COMIC BOOK REVIEW: TWISTED DARK / AUTHOR: NEIL GIBSON / ARTIST: VARIOUS / PUBLISHER: T PUBLICATIONS / RELEASE DATE: OUT NOW
As Twisted Dark’s writer/creator Neil Gibson explains in his foreword to Volume One, this collection of tightly written, finely illustrated, not-a-loser-in-the-whole-bunch graphic tales is not an anthology. Anthologies are usually composed of completely independent standalone pieces that are generally arranged around a single theme, but Twisted Dark has a much more ambitious and complicated arc: although Gibson’s stories are self-contained, their characters often reappear in later episodes and not always as the main protagonist. One of the many joys of this (to date) three volume series lies in spotting familiar faces, joining up the narrative dots, and immersing yourself in a work of incredibly potent imagination.
But Gibson doesn’t accomplish this all on his own.
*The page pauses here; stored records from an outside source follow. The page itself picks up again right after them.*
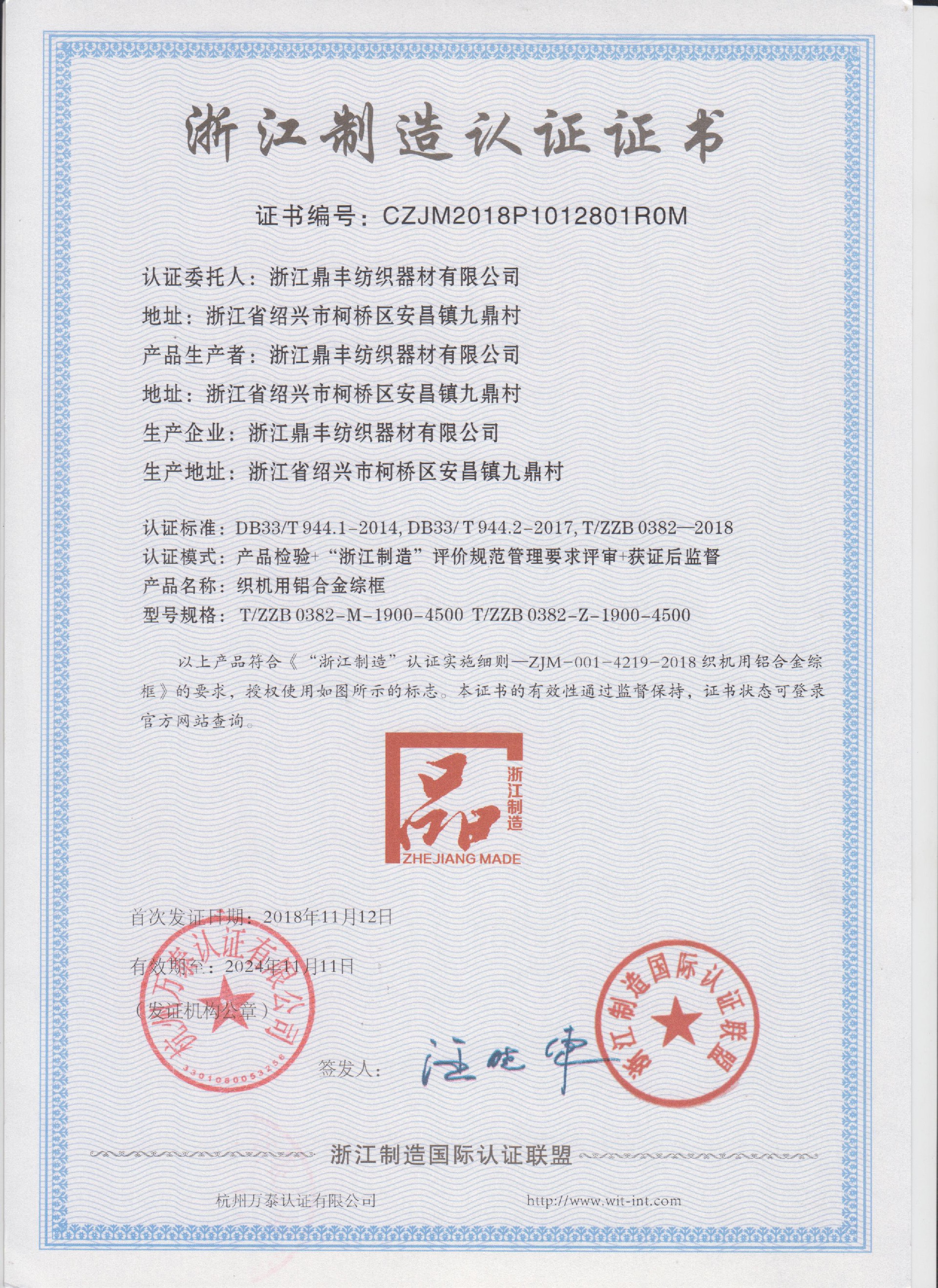 1、貴公司是一家專業(yè)生產(chǎn)各類無梭織機(jī)鋁合金鋼筘、綜框、鋼片綜、停經(jīng)片、經(jīng)軸、織軸和卷布輥等產(chǎn)品及配件的民營企業(yè)。公司成立30多年迅速發(fā)展、占領(lǐng)市場的秘決是什么?余定雅:是高品質(zhì)的產(chǎn)品,完善的售后服務(wù)和大規(guī)模的生產(chǎn)能力保證了浙江鼎豐紡織器材有限公司的產(chǎn)品銷售量在國內(nèi)獨占鰲頭。為了與全球市場經(jīng)濟(jì)接軌,鼎豐紡
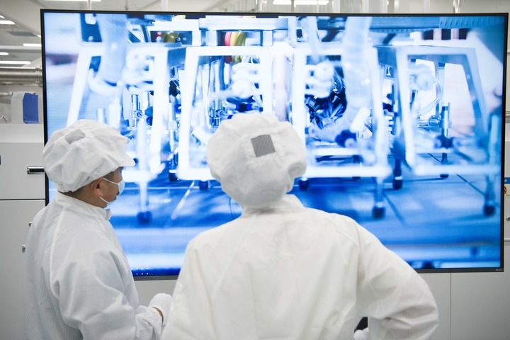 8月20日,在安徽華晟新能源科技股份有限公司的異質(zhì)結(jié)光伏電池及組件工廠內(nèi),工作人員在查看智能化產(chǎn)線運(yùn)行情況。
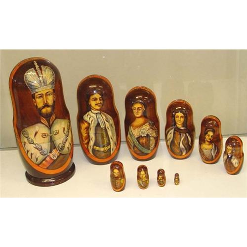 </font></strong>10 in all, each opens to allow for all of Russia's Czars to fit snuggly inside Czar Peter The Great, Each a colorful depiction of that Czars, with their name written in cyrillic on the top and the dates of their respective reign on the verso. This collection would make a superb gift or addition to any fine collection.
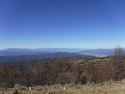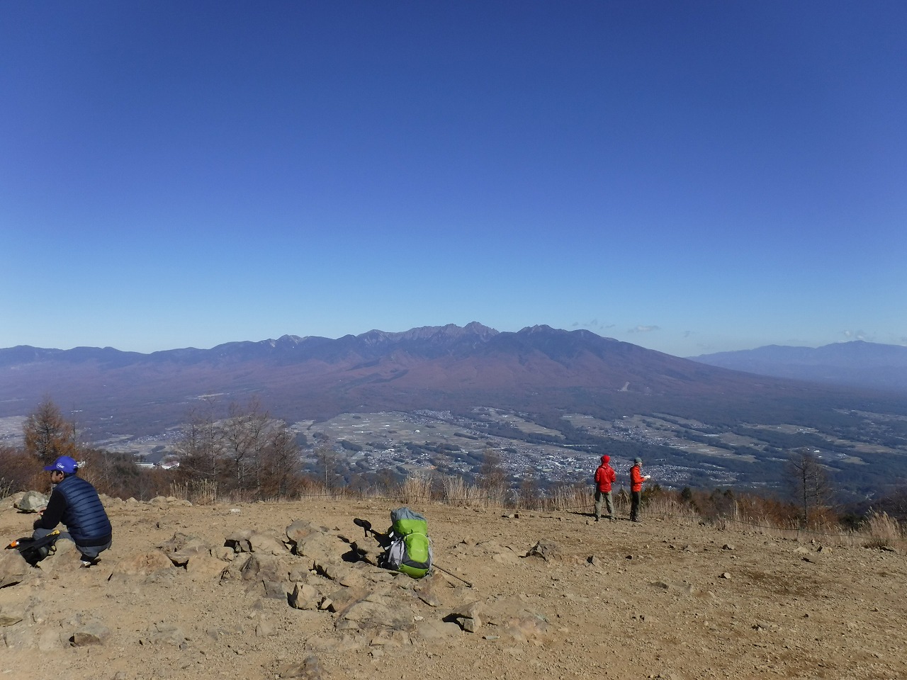 北アルプスから諏訪湖までよく見えます。槍穂高はもう雪化粧をしていました。 |
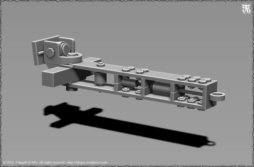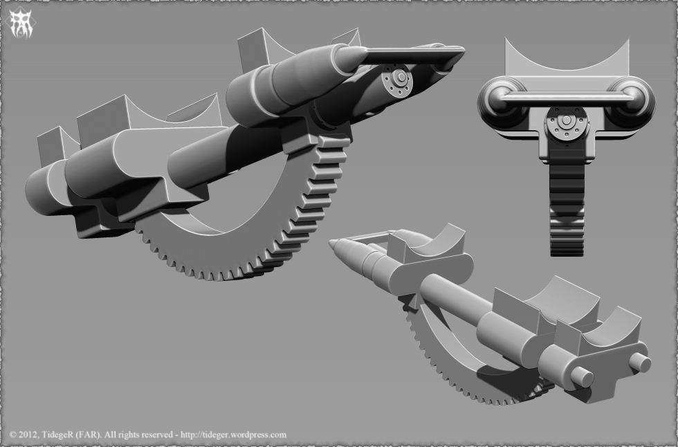 Una corrección al modelo. Los eslabones que conformaban la oruga del cañón estaban mal, ya que no tenían definido una forma de rotar a la hora de que la oruga girara, yo particularmente no me había fijado ya que en las imágenes que use de referencia no se notaba mucho eso y pues no le había prestado atención, pero un amigo me hizo caer en cuenta y me mostró como debería ser y me decidí hacer la corrección. Gracias amigo Karras.
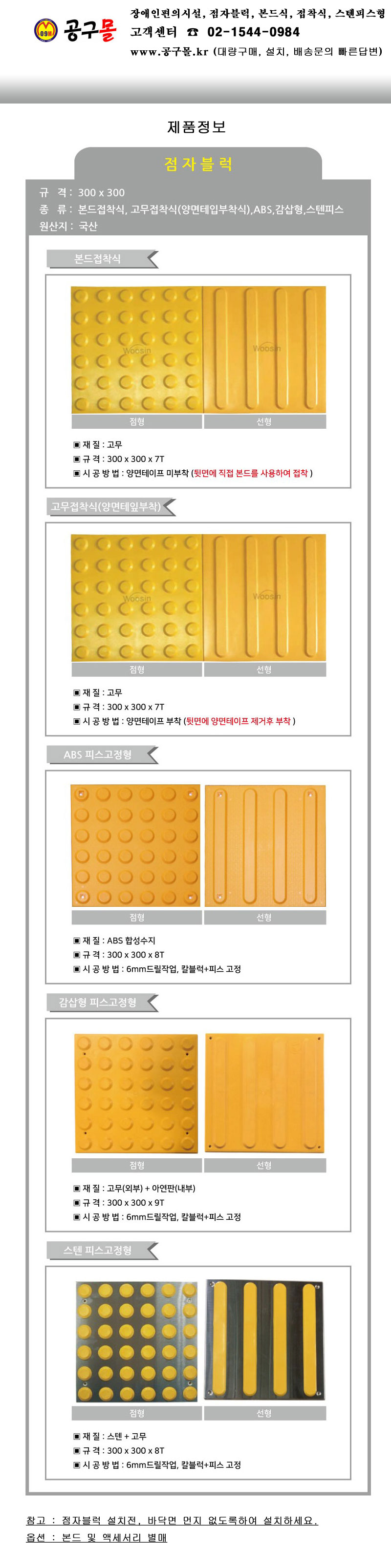 완성 점자블럭(감삽형 피스고정 점형) 300x300x9T, 완성(38) 요양원, 장애인,편의시설,스텐피스포함
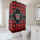 Rouge et noir Buffalo Check Tartan Nom du plat Monogramme initial sur Quatrefoil noir avec ruban Customisez ceci avec votre nom et monogramme ou autre texte. Vous pouvez également modifier la police, ajuster la taille de police et les couleurs de police, déplacer le texte pour ajuster l'espacement des lettres, ajouter des champs de texte, etc. Veuillez noter qu'il s'agit d'un design graphique numériquement qui est transféré au produit sous-jacent. Le design lui-même ne contient pas de ruban, étiquettes, métaux, gaufrage, etc. 2015 ©FantabulousPatterns Tous droits réservés
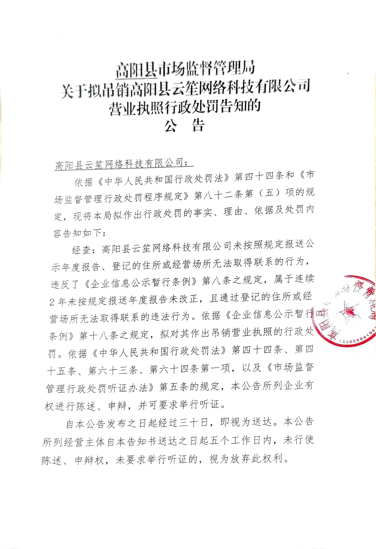 高阳县市场监督管理局关于拟吊销高阳县云笙网络科技有限公司营业执照行政处罚告知的公告
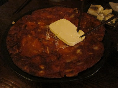When we arrived at the restaurant, my stomach was upset and I wasn't in the mood to eat anything. But then the jeon arrived at the center of the table, a warm omelety-crepey concoction, perfectly browned and topped with cream cheese. How could I resist? Exceptional bar food, even on a bad stomach.
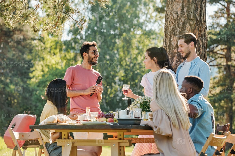 Красивая девушка со стаканом вина стоит рядом со своим парнем и разговаривает с другом

Each of the stories is illustrated by a different artist (we won’t name them all here, not only through lack of space but because it would be a crime to miss anybody out, they all do such extraordinary work) and each artist adds their own, very special spin to Gibson’s words. Much of the artwork is genuinely quite beautiful.
So what does Twisted Dark mean? According to its creator it is both “a story with a sinister undertone, featuring characters that deviate from socially acceptable standards” and “an unusual smile that conveys several emotions, usually of a morbid nature” (that smile appears frequently throughout the series). The stories themselves have incredible range: there are ghosts, drug runners, terrorists, psychopaths, paranoiacs and killer insects, razor-sharp social and political commentary and impressive grand guignol, all realistically set in different locations across the world which gives Twisted Dark a genuine sense of gothic multiculturalism.
Of the three published volumes, this particular writer’s favourites are Volume One and Volume Three; the stories in these editions are the darkest of the bunch but with plenty of variation between them - they’re intriguing, immersing, fascinating and highly cinematic with some great twists-in-the-tale. As for Volume Two, it’s still a fantastic read but – as Gibson admits in his introduction – he took on-board some readers opinions about the first volume and tried to make the stories a little lighter. It works in its own way, and it’s refreshing to know that Gibson genuinely appreciates his audience and will listen to what they want, but we missed the nastiness of Volume One and was glad to see it return in the third collection.
We can’t recommend Twisted Dark highly enough. It is genius.